Fra i decani della cultura italiana, è stato uno dei più riservati e più votati al silenzio delle biblioteche. Ma il suo pensiero ha inciso profondamente sugli studi economici e sulla consapevolezza delle specificità di lungo periodo del nostro Paese, in tutte le sue dimensioni: industriali e sociali, civili e culturali. La cifra della riflessione becattiniana è stata eminentemente marshalliana.
La formazione economica di Giacomo Becattini non avviene soltanto all’interno di un classico iter formale accademico in cui i temi dell’economia neoclassica si fondono con gli interessi per la teoria dell’impresa, ma va analizzata all’interno del contesto culturale novecentesco. Il confronto con il materialismo storico, che in Becattini come per molti altri intellettuali italiani avviene nel rapporto ora vicino ora lontano con il pensiero marxista e con la realtà politica della sinistra italiana e del Partito Comunista, appare una delle componenti che formano il contesto in cui si verifica il recepimento in Italia del messaggio di Alfred Marshall.

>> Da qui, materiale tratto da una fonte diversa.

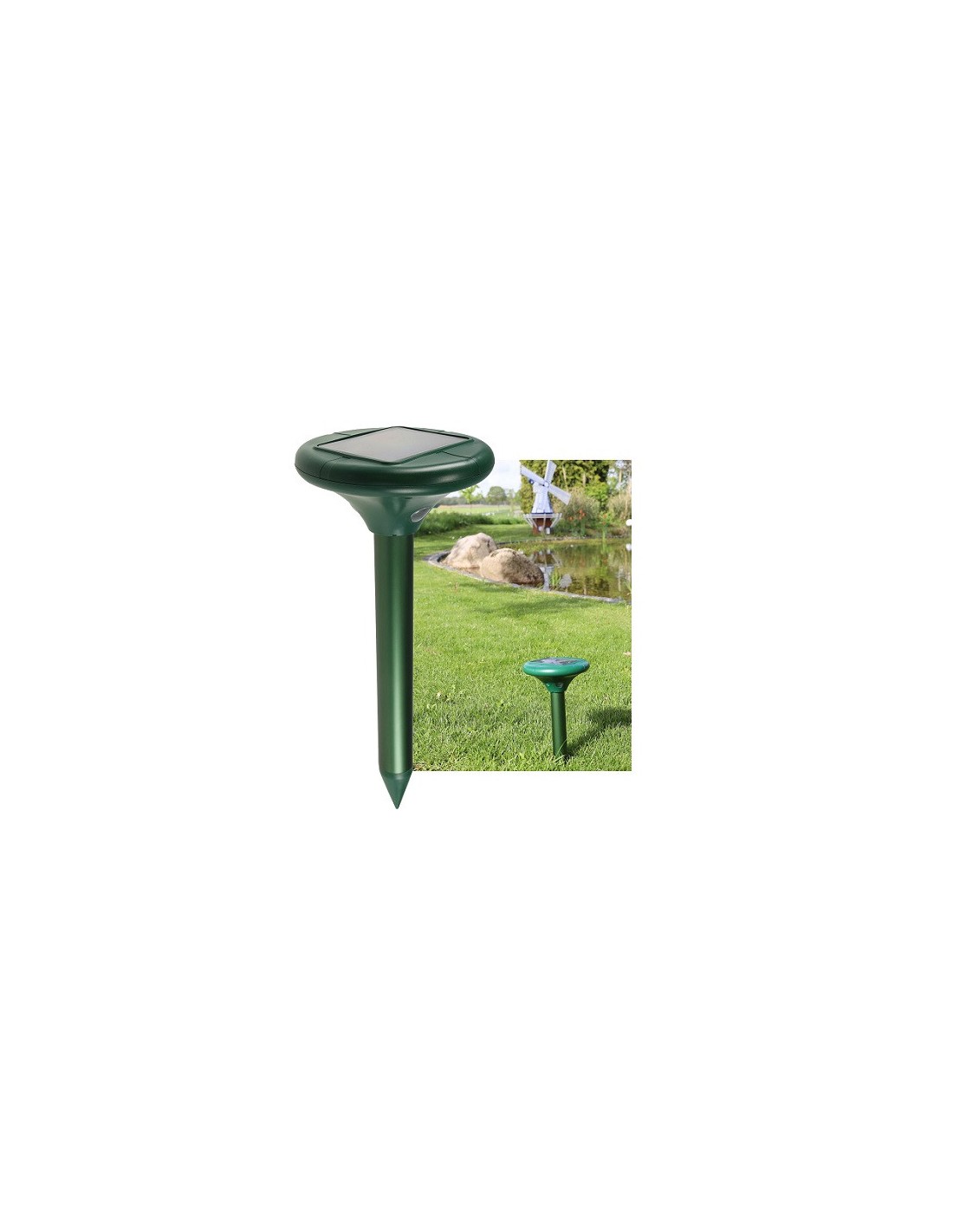 Diese Profi-Wühltierscheuche befreit Sie als Gartenfreund von den lästigen Erdhaufen auf Ihrer schönen Rasenfläche. Die Maulwurfscheuche macht den kleinen Buddelmeistern das Leben mit Vibration und pulsierenden Schallwellen gleich doppelt unangenehm. Stromversorgung über mitgelieferten 1.2V/800mA Mignon Akku + Solarzelle. Verscheuchen Sie die ungebetenen Plagegeister mit Geräuschen und Schwingungen! Der Abwehrbereich beträgt ca. 900m2. Mit Ein/Aus Schalter. Frequenz 400-1000Hz. Maulwurf- + Wühlmaus-Schreck "Premium Solar", Akkubetrieb, Schall + Vibration, bis zu 900m², 36, grün, Kunststoff, Wirkungskreis bis 900m2.
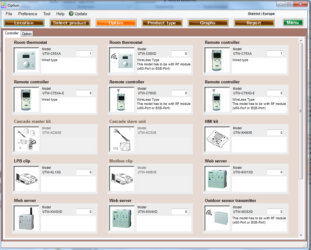 Прежде всего, необходимо указать регион установки оборудования (выбрать страну и город), задать величину требуемой производительности, а также желаемый тип и серию тепловых насосов. Далее программа осуществит автоматический подбор всех возможных вариантов оборудования.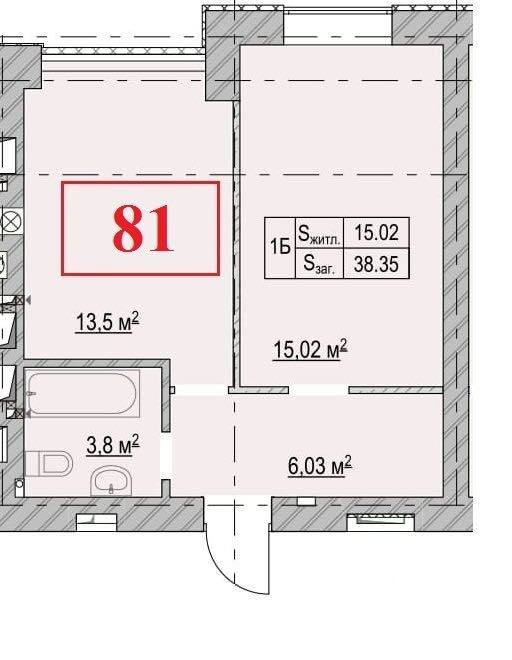 • Загальна площа 38 м2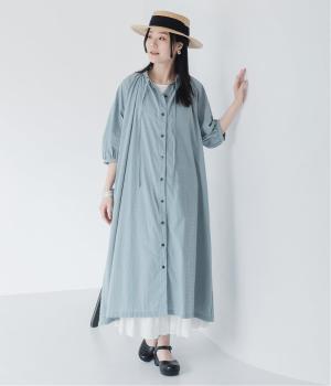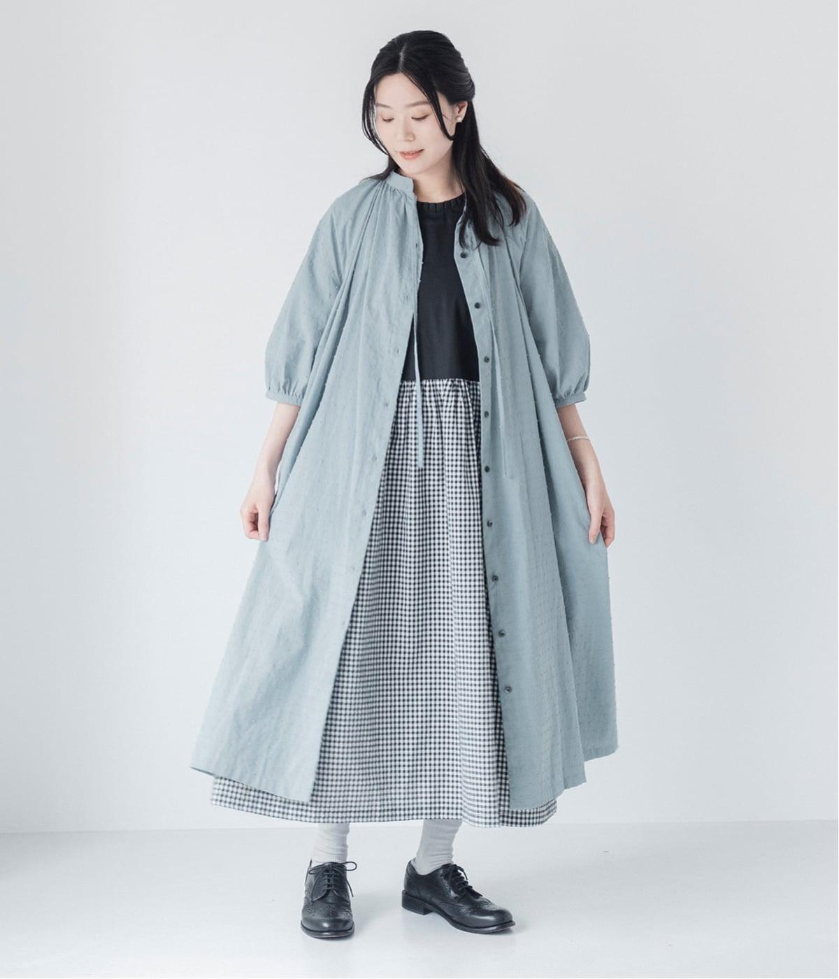 先ほどご紹介したギャザーワンピースを羽織れば、こなれ感を上乗せしたレイヤードスタイルに。襟フリル切替ワンピースは、すっきりとしたシルエットのため重ね着にも最適です。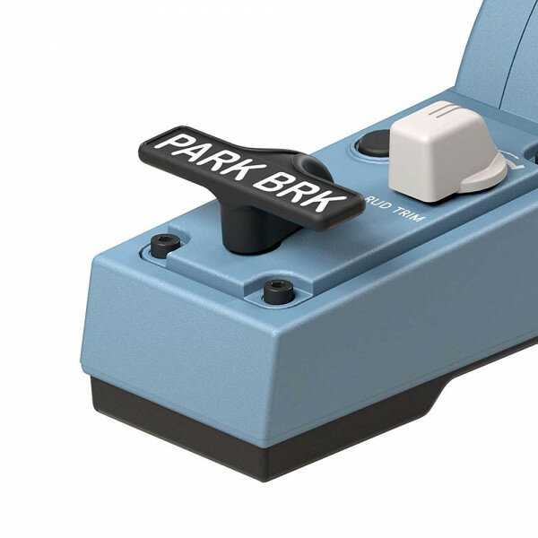 Конструкция максимально приближена к сайдстику Airbus A320: рукоятка с углублением под ладонь, фирменная красно-серая расцветка и расположение органов управления. Ключевая особенность — возможность переключения под левую руку (основной режим для Airbus) путём физической замены боковых кнопок. Однако эргономика имеет нюансы: кнопка над курком расположена слишком высоко, требуя неестественного вытягивания пальца, а сам курок имеет длинный холостой ход — реальное срабатывание происходит только в конце движения. Встроенный миниатюрный РУД на основании с зоной реверса полезен для базового контроля тяги, но не заменяет полноценный квадрант.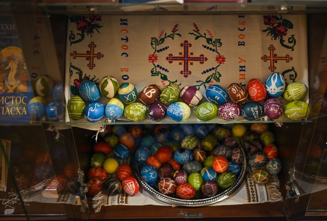 LVIV, UKRAINE - MAY 4, 2024 - Pysankas (Ukrainian Easter eggs) are displayed during the Pysanka From Bakhmut event aimed at raising money for the 80th Separate Galician Air Assault Brigade at Saint Peter and Paul Garrison Church, Lviv, western Ukraine., Credit:Anastasiia Smolienko / Avalon

Becattini non solo si interessa del complesso rapporto che l’economista inglese ha avuto con il fabianesimo e il marxismo, ma utilizza alcuni elementi cruciali del paradigma marshalliano (in particolare il tema della dimensione sociale dell’agire economico) per comprendere a fondo i meccanismi di cooperazione e di integrazione che caratterizzano le istituzioni dell’economia. Becattini lo fa secondo una logica comunitaria che, se da un lato nega alla radice il monoteismo della concorrenza, dall’altro recepisce appunto il dualismo dialettico cooperazione-competizione.
Lo sviluppo di una teoria (volutamente aperta e non chiusa) dei distretti, che ha il suo primo punto fermo nel volume del 1973 «Lo sviluppo economico della Toscana, con particolare riferimento all’industrializzazione leggera», è complesso e accidentato: parte, come ha spesso raccontato lo stesso Becattini, da una scarsa utilità degli strumenti delle culture economiche tradizionali nell’interpretare la crescita toscana nel 1963 (uno studio commissionato dall’Unione Province Toscane), passa prima attraverso il concetto di “campagna urbanizzata”, recupera fra 1969 e 1975 i concetti marshalliani di economie esterne e di at- mosfera industriale e viene formalizzata in maniera definitiva nel 1979, anno in cui uno dei maestri del Novecento come Fernand Braudel, chiamato a dirigere l’opera a più voci «Prato. Storia di una città», chiede a Becattini di curare il volume sul distretto industriale pratese. Il tutto con, intorno, l’ostilità della cultura accademica neoclassica e marxista.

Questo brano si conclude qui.